THE TASK: Your answer should hold exactly the lines below from the line with "Paris, NRF Gallimard, 1926." through the line with "Главная страница >", both included, and no pictures at all.

PROVIDED INFORMATION:
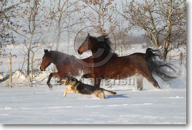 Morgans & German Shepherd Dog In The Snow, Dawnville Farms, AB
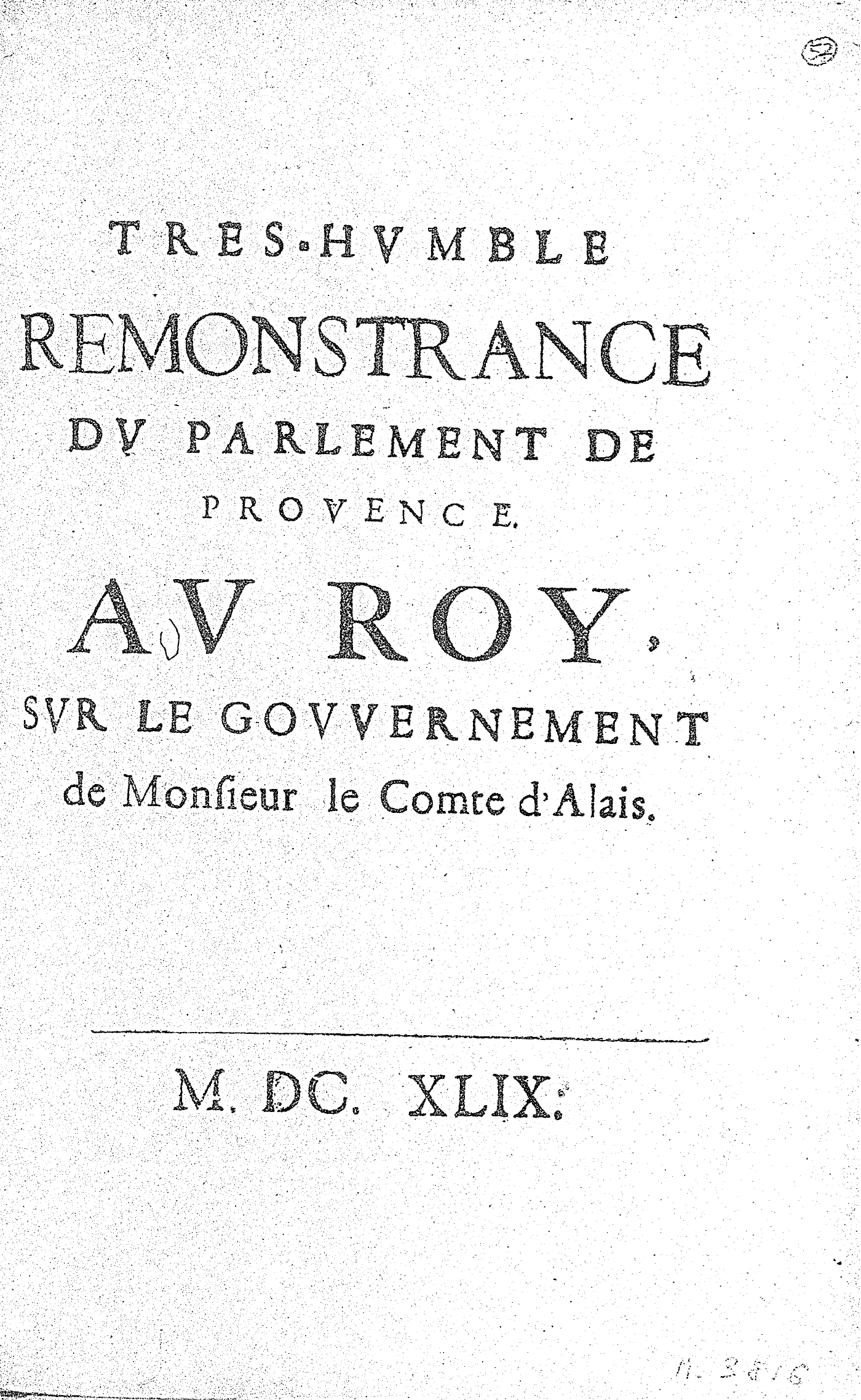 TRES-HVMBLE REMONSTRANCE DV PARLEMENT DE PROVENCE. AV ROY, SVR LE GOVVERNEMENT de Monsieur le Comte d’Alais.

---

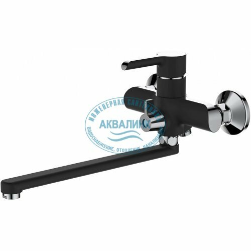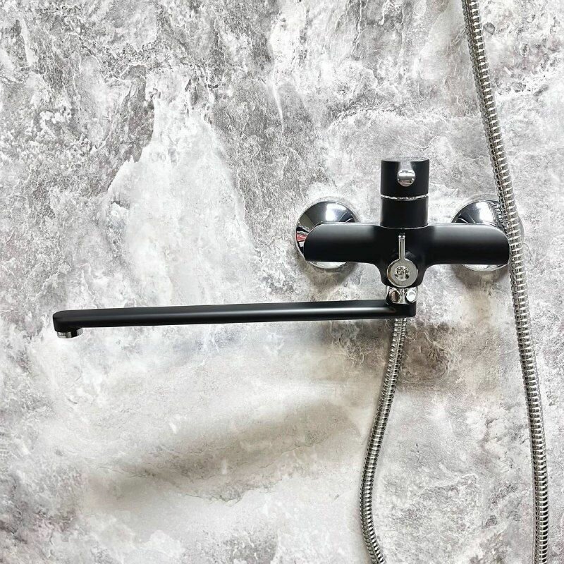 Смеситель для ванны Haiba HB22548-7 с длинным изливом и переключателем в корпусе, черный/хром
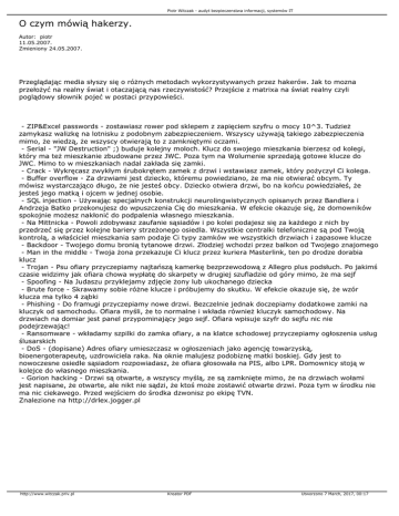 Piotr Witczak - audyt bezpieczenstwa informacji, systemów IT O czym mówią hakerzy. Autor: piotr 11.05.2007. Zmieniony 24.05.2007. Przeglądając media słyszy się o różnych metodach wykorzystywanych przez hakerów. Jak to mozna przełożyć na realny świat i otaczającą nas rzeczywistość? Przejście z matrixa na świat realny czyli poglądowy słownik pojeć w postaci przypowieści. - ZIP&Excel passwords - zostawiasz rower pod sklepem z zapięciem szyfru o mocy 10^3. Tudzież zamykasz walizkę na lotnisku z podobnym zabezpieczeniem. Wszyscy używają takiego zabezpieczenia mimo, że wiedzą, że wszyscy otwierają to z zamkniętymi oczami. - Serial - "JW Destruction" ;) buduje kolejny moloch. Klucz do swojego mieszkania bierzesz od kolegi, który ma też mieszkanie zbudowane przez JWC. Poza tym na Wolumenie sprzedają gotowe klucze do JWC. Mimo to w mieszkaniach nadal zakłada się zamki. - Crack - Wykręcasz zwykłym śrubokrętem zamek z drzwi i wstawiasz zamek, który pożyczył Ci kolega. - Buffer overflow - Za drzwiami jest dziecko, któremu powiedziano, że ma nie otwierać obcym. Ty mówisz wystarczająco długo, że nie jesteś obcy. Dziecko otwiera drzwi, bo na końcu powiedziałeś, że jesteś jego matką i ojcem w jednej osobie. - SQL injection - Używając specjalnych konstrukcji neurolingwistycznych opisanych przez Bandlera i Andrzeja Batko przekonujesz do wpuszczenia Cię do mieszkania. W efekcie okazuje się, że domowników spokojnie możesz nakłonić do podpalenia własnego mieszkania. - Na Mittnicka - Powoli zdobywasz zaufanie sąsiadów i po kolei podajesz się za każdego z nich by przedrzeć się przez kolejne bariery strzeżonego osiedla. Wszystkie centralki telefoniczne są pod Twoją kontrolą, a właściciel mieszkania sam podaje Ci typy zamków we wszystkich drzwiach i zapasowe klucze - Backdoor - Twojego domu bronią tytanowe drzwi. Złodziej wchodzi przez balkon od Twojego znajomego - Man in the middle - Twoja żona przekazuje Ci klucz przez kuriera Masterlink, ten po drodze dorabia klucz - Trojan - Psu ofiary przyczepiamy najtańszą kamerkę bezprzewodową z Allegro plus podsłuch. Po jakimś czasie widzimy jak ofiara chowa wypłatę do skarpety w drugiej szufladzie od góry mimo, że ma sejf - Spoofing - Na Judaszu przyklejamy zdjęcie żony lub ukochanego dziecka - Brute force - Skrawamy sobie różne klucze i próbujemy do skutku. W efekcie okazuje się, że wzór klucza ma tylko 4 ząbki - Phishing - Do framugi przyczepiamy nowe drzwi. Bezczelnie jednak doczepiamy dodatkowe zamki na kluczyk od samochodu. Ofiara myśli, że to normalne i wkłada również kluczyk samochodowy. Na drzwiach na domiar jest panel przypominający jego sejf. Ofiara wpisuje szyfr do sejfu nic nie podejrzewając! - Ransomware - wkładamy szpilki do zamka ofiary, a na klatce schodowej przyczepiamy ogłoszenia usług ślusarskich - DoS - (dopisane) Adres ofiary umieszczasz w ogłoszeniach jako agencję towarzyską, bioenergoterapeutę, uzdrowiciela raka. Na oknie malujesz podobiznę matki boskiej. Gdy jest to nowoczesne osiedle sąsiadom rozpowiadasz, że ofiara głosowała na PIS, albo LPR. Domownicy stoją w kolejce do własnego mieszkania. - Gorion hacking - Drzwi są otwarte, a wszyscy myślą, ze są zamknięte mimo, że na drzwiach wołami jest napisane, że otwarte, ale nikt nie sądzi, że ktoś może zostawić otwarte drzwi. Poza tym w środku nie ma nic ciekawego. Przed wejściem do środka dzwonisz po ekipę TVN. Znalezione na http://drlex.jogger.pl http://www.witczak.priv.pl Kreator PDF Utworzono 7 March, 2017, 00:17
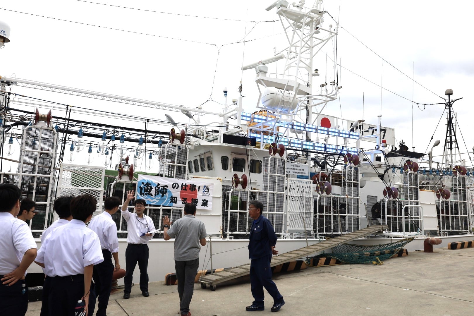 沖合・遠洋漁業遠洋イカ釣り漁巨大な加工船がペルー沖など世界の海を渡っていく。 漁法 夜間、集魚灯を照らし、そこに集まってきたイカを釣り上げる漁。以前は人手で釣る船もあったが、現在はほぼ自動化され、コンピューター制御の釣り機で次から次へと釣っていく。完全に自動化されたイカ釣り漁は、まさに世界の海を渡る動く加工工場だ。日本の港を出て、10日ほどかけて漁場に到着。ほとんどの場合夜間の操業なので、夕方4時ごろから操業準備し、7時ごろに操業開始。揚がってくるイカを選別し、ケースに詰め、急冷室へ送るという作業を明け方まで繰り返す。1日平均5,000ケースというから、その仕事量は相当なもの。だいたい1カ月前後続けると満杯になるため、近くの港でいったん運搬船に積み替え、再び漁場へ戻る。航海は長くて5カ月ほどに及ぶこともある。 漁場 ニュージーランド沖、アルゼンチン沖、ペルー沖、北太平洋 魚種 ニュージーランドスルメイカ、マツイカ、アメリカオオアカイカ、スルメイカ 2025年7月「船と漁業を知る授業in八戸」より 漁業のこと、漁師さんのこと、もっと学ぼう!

---

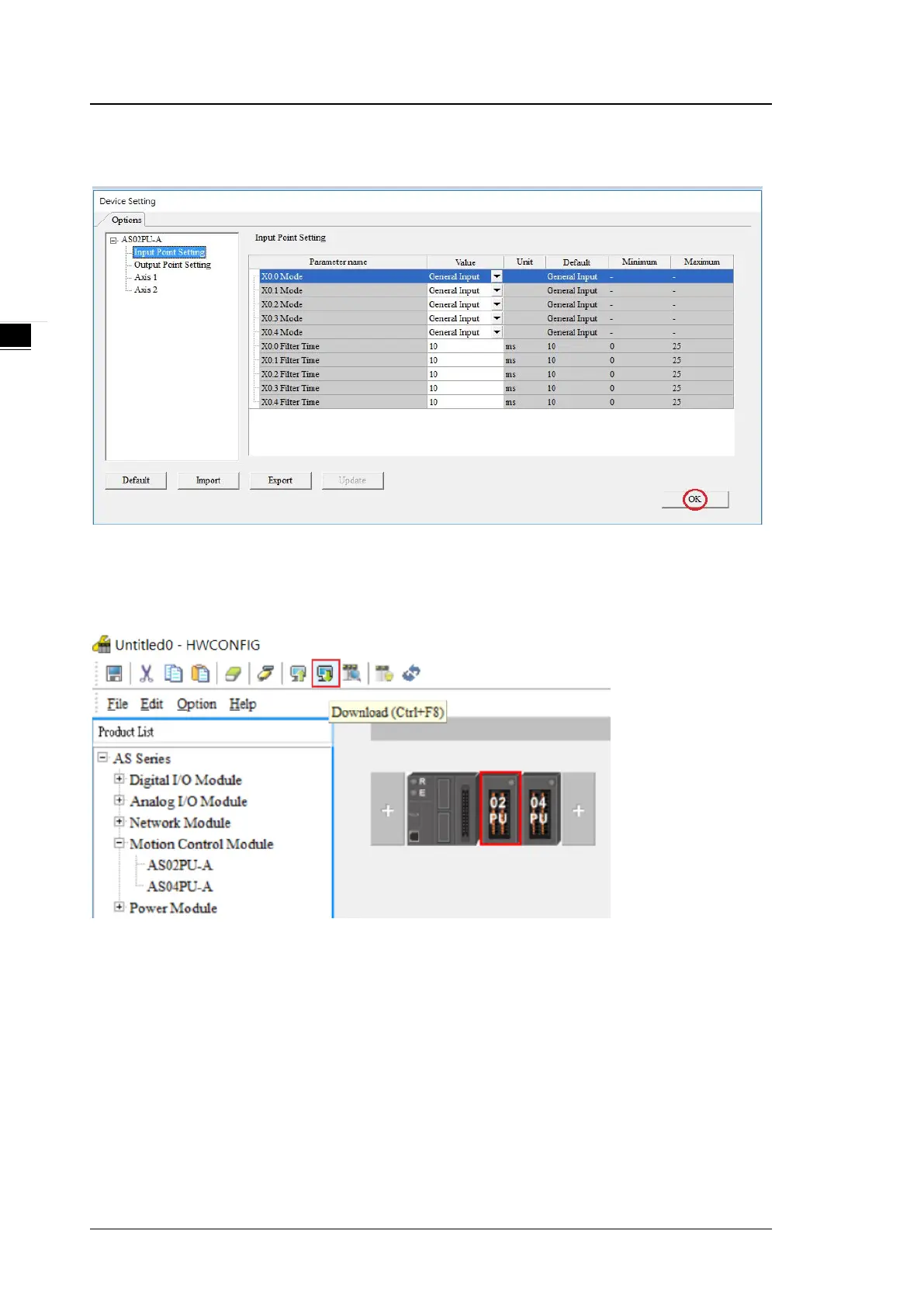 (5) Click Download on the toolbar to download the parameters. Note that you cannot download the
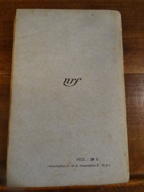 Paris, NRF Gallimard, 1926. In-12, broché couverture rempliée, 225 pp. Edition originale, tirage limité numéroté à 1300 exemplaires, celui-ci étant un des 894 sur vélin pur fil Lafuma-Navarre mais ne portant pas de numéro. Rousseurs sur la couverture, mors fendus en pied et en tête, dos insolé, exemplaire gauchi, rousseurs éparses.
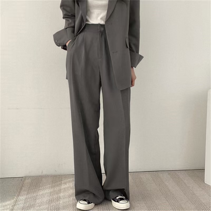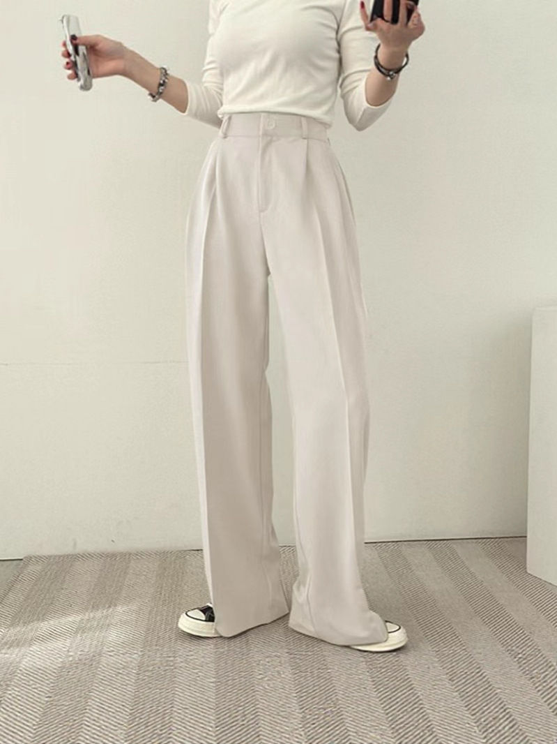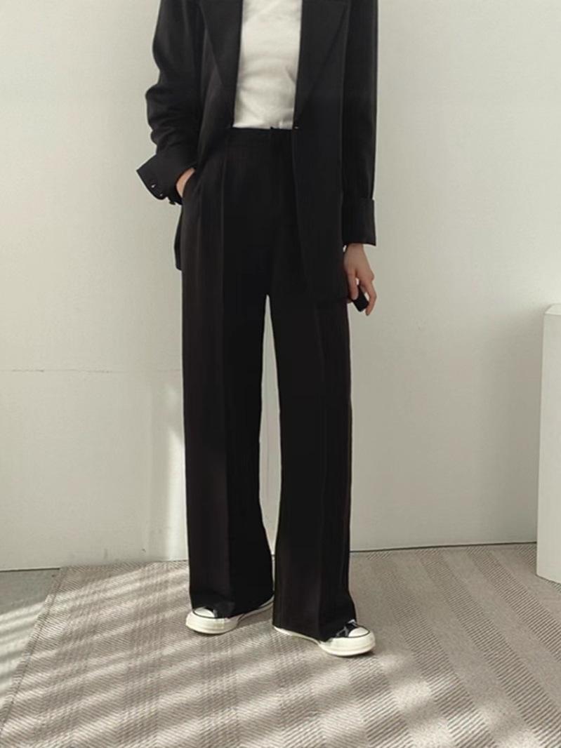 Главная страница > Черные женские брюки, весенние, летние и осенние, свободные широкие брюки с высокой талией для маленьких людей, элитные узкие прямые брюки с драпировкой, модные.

SOLUTION TO THE PROBLEM:
 Paris, NRF Gallimard, 1926. In-12, broché couverture rempliée, 225 pp. Edition originale, tirage limité numéroté à 1300 exemplaires, celui-ci étant un des 894 sur vélin pur fil Lafuma-Navarre mais ne portant pas de numéro. Rousseurs sur la couverture, mors fendus en pied et en tête, dos insolé, exemplaire gauchi, rousseurs éparses.
 Главная страница > Черные женские брюки, весенние, летние и осенние, свободные широкие брюки с высокой талией для маленьких людей, элитные узкие прямые брюки с драпировкой, модные.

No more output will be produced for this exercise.